My VCAP-DCA experience

A few months back I decided to do the VCAP-DCA exam, one part of the advanced certifications that VMware provides. This was my second Administration exam (I did the one for VI3 a while back as well), and I have to say it hasn’t gotten any easier. Therefore I was happy to have a lot of help from my fellow VMware enthusiast over the world that helped in giving out tips on what to read, their experiences and what to expect. So I thought I’d do the same, and I’ll put up a post about my VCAP-DCD experience later on as well.

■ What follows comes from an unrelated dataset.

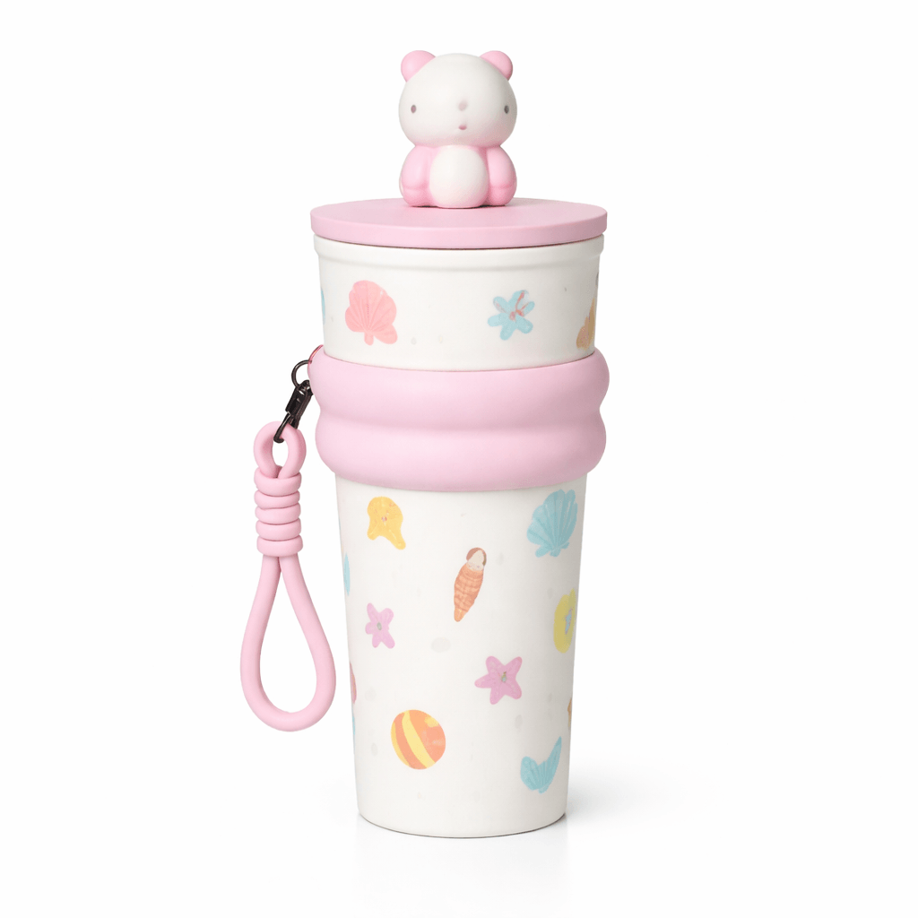 Sip in style with this charming Panda Travel Cup, the perfect blend of functionality and cuteness! Designed with playful pastel patterns and topped with an irresistibly cute panda figurine, this 14 oz cup is ideal for tea, coffee, or your favorite cold drinks. The soft pink grip band and detachable hand strap make it easy to carry wherever you go—whether you're commuting, studying, or just lounging in cozy comfort.

First off, studying for the VCAP-DCA invloves labtime, and lots of it. Not only will you fail if you have just read the documents, but you will probably not understand half of the questions. So labtime is very important, and make sure you’ll have time to install, configure and manage a vSphere environment in almost any concievable way before signing up. If you don’t have a lab at work that you can use, or a home lab, I highly suggest you get one. There are many relatively cheap servers that you can use for this. If you’re based in the UK, have a look here for Hot Deals of cheap vSphere-compatible servers that are great for home labs. Start prepping by reading the Exam Blueprint (you’ll need to register), and you’ll see this: “The VDCA410 exam consists of approximately 40 live lab activities” (see now why you need labtime? :)).

My Experience!

I had a lab and some time to spare, so I was able to refresh some of the parts of the Exam Blueprint that I didn’t know that well. I started by reading through the blueprint, marked everything I knew with one colour and everything I didn’t know with another. That way I had a clear overview of what I should focus on when I had some time over for lab activites.

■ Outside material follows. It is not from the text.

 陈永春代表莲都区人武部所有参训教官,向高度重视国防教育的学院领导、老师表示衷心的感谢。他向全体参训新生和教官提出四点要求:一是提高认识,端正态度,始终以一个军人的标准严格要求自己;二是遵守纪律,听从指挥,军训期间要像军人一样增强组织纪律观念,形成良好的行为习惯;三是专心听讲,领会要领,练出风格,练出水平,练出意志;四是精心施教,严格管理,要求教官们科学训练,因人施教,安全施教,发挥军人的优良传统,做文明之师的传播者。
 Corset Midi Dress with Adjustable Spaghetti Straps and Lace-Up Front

When the exam day came I was feeling pretty confident, and with high hopes I got the exam center, signed in, got shown to my exam station and started the exam. Holy crap… I was really not prepared enough! Many questions I felt that I knew right away, but there were way too many that I didn’t know properly to make me feel uneasy about the whole exam. The questions themselves weren’t too hard, they’re just hard if you don’t know what you’re supposed to do. The lab environment that you run the exam on is a Live Lab, so you’ll actually have access to all the regular help tools and such, but they’re not much use if you don’t know what to search for and might make you lose a lot of time. I also noticed that the time allotted for the exam is really tight, I had 2 minutes left when I felt I had done everything I could. So manage your time during this exam, don’t spend too long on questions you don’t know, focus on the ones you do know and then go back to the more difficult ones (time permitting).

All in all, it was a really taxing exam, you’ll have to know everything from scripting, installation procedures, advanced storage and networking configurations to best practices for cluster setups. The exam blueprint includes almost every aspect of a VMware administrators duties during a full lifecycle of a large vSphere environment, and the exam does not deviate much from the blueprint.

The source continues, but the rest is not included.